The almost vertical black lines show the journeys of individual trucks. Most of them move pretty smoothly and predictably around the circuit. Their paths resemble steeply sloped hash fill. There are, however, quite a few oddities and anomalies. The biggest event was the arrival of a string of new container rail cars that were stacked 2 high. As the string was arriving it blocked the exit from the yard. Once it was in place, the double height containers effectively blocked the camera’s view of anything that was happening at the far end of the yard. I could only tag movements up to the point that the trucks went out of view behind the train. Nonetheless, the diagram has some interesting tidbits to ponder:

  1. This truck spent a long time either waiting or parking. That occurred on the far side of the circuit, where a few trucks drove right up beside the container hoists and waited while their container was shifted directly onto the train.
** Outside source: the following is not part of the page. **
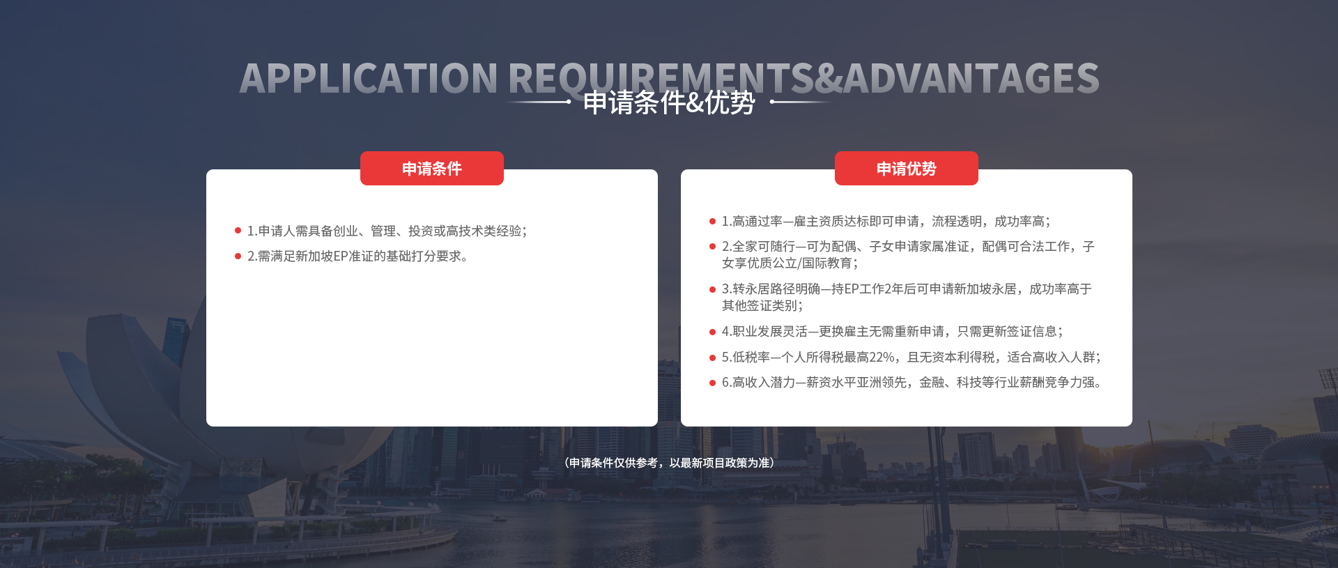 就业准证EP是新加坡人力部设置给外国专业人员(管理层,主管或专业职位)的工作准证。 以个人管理或技术经验为依托,通过一家成熟的新加坡公司来申请EP。月薪超过6000新币,即可为配偶、未满21周岁未婚子女申请家属准证DP。月薪超过12000新币,即可为主申父母申请长期社访签证. 新加坡国际排名及优势:全球治安佳,适合孩子成长,本地大学亚洲排名榜首;亚洲适合经商;医疗效率全球排名榜首;食品安全全球排名榜首;人均寿命全球排名榜首;房产近零泡沫。

If I cared to, I could go back to the tagged video to see what actually happened.
  2. Something weird happened with this truck. Either the data got messed up or it violated the traffic flow protocol and tried to sneak back out on the aisle where it came in. Again, I can go back and check.
  3. This truck parked nearly at the entry gate, so it did go back out without doing the circuit.
  4. Three trucks entered the yard almost at the same time and two of them were assigned to park close to one another in the first parking area. The parking of the earlier truck blocked the later truck, extending the time it took for the second truck to drop its container and head to the exit.
  5. This truck was almost out of the yard when it got in a line waiting for the incoming train string of cars to pass by.
  6. These trucks all dropped their containers in the second major parking area that was just out of the camera’s vision. So I couldn’t follow them any further.

Due to the sight line limitation of the single camera, this diagram is not nearly as dense and information-rich as it could be. If I could have done the tagging from the array of surveillance cameras that I am certain are already in place, I could have pinpointed locations and actions for every truck (and eventually every other vehicle) in the yard over any arbitrary time period. It is a bit tedious, but not nearly as bad as most people might think.

This type of visualization can be developed for any process where locations are recorded for discrete objects as they travel from a starting point to an ending point over time. It could be any of the following:

  • Progress along an assembly line
  • Progress of shipments from an overseas supplier
  • Progress of customers through a designed aisle sequence (likes some supermarkets)
  • Progress of packages in a warehouse.

It’s not absolutely necessary to know a physical distance. Why not build a virtual distance measure for orders and payments flowing through an ERP system … or progress towards completion of a repetitive task. You wouldn’t need Dartfish. Just use milestones for the vertical scale.